Court Improperly Imputed New Spouse’s Income to Parent in Calculating 513 Contribution to College Expenses

college student 1It has become a trend since In re the Marriage of Rogers, 820 N.E.2d 386 (2004) to impute a spouse’s income for the purposes of support.  In Rogers, the Illinois Supreme Court held that the definition of income in 750 ILCS 5/505 includes gifts and loans received from other people, including family, for purposes of calculating child support.

However, the Illinois Appellate Court recently reversed a Du Page decision that imputed a husband’s income to the wife in allocating college educational expenses.  In In re Parentage of M.M., the Court ordered that the mother would be responsible for 33% of the college expenses, the father would be responsible for 45%, and the daughter for 22%.  However, the mother in this case is a stay-at-home mother who relies completely on her husband for financial support.  The Court found that the analysis to “impute” income is solely to determine if the new spouse’s financial contribution frees up the parent’s financial expenses, thus increasing the parent’s ability to contribute towards the child’s expenses.  However in In re M.M., the mother was a stay-at-home mother, and thus her husband’s income would not free up any money for mother to contribute towards the child’s educational expenses.

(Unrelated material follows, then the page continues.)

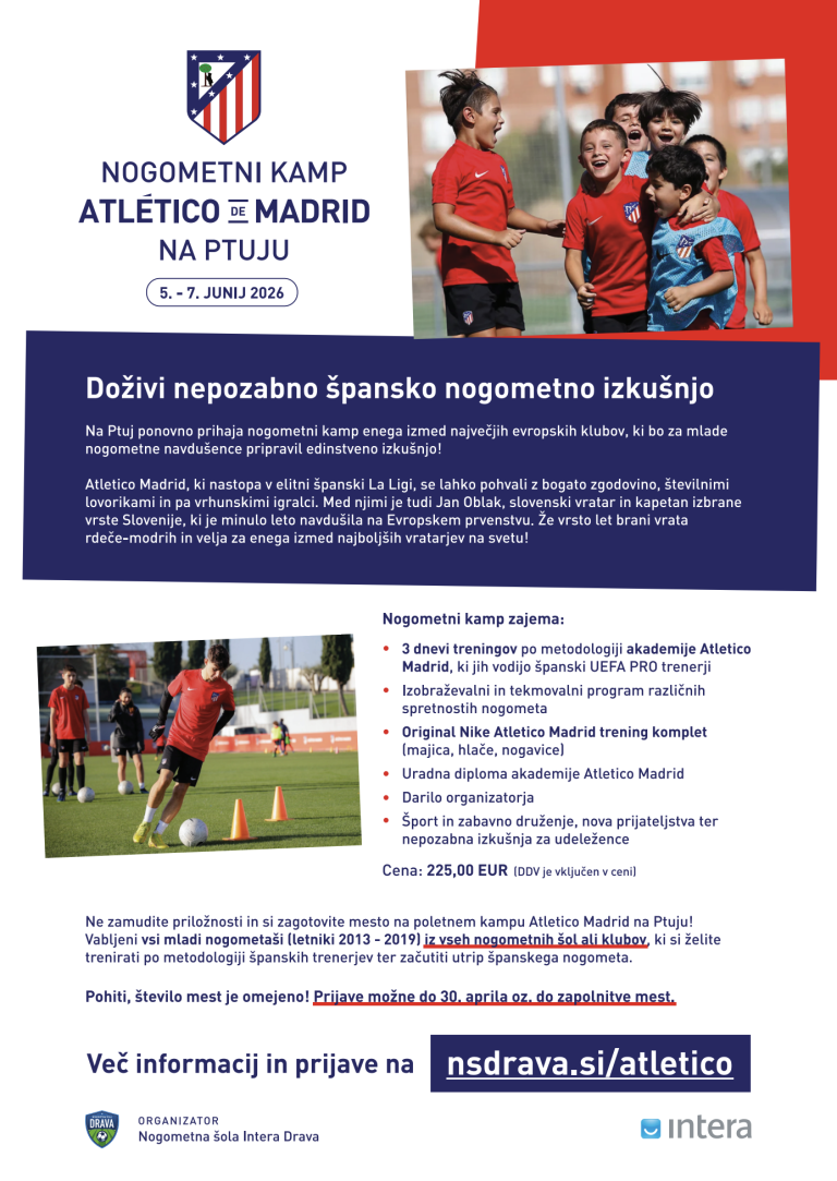 Med 5. in 7. junijem 2026 se na Ptuj vrača uradni nogometni kamp španskega velikana Atlético Madrid.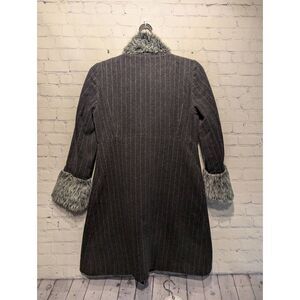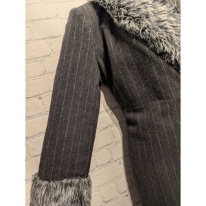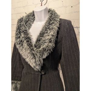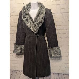 Style:. Beautiful and unique, satin lined , Vintage, faux fur trimmed, pinstriped, single button, fitted, designer, pea coat. This coat is absolutely stunning. The price is firm for now as I would rather keep it as a novelty piece for collection than sell it for a lowball price. The fur on the trim is in excellent condition and doesn't appear knotted up in any way. The wool does not have any visible imperfections either. When worn, it is extremely flattering and fitted and also has pockets on each hip. This very unique vintage piece is in excellent condition. I searched and couldn't find another one like it. There might be, so I'm not saying it's unique entirely but I couldn't find another one to get much information on it.

The Court in In re M.M. reviewed other court decisions, such as In re Marriage of Drysch, 314 Ill. App. 3d 640 (2000) in which the Court held that a court may consider as part of a parent’s “financial resources” for purposes of section 513, “money or property that could be available to [the parent]through her new spouse. The Court also reviewed Street v. Street, 325 Ill. App. 3d 108 (2001), in which the Court found that “to the extent that the current spouse of the payee has income or assets which are or can be used to contribute to the living expenses of the payee, his or her income and assets should be considered by the court in making its determination regarding the amount the payee is able to contribute to the child’s education.” The Court further noted that it was not saying that the new spouse of a parent is obligated to pay for the child’s education, but that only to the extent the “new spouse contributes to the expenses which would otherwise be paid by the parent, the new spouse’s income and assets are relevant.” Street, 325 Ill. App. 3d at 114.

Furthermore, Section 513 allows the trial court to “award sums of money out of the property and income of either or both parties.” 750 ILCS 5/513(a)(West 2012).  While the mother in In re M.M. earns no income, it was appropriate for the court to consider her husband’s income to the extent that his assistance would free up the mother’s own assets for contribution.  However, the court should not have used the new husband’s income as a baseline for determining the mother’s contribution toward her daughter’s college expenses.  By doing so, the court effectively shifted the burden to pay for her college expenses to the new husband, something he has no legal obligation to do.

In order to impute income to a party, the court must find that the party is voluntarily unemployed, is attempting to evade a support obligation, or has unreasonably failed to take advantage of an employment opportunity.  In re Marriage of Gosney, 394 Ill. App. 3d 1073, 1077 (2009). Furthermore, if the Court finds that a party is not making a good-faith effort to earn sufficient income, the court may set or continue the party’s support obligation at a higher level appropriate to the party’s skills and experience.  In re Marriage of Sweet, 316 Ill. App. 3d 101, 107 (2000).

The Court ultimately reversed the decision and remanded for a consideration as to how much, if any, income was freed up by the husband’s contribution and properly determine the correct award for contribution to college expenses.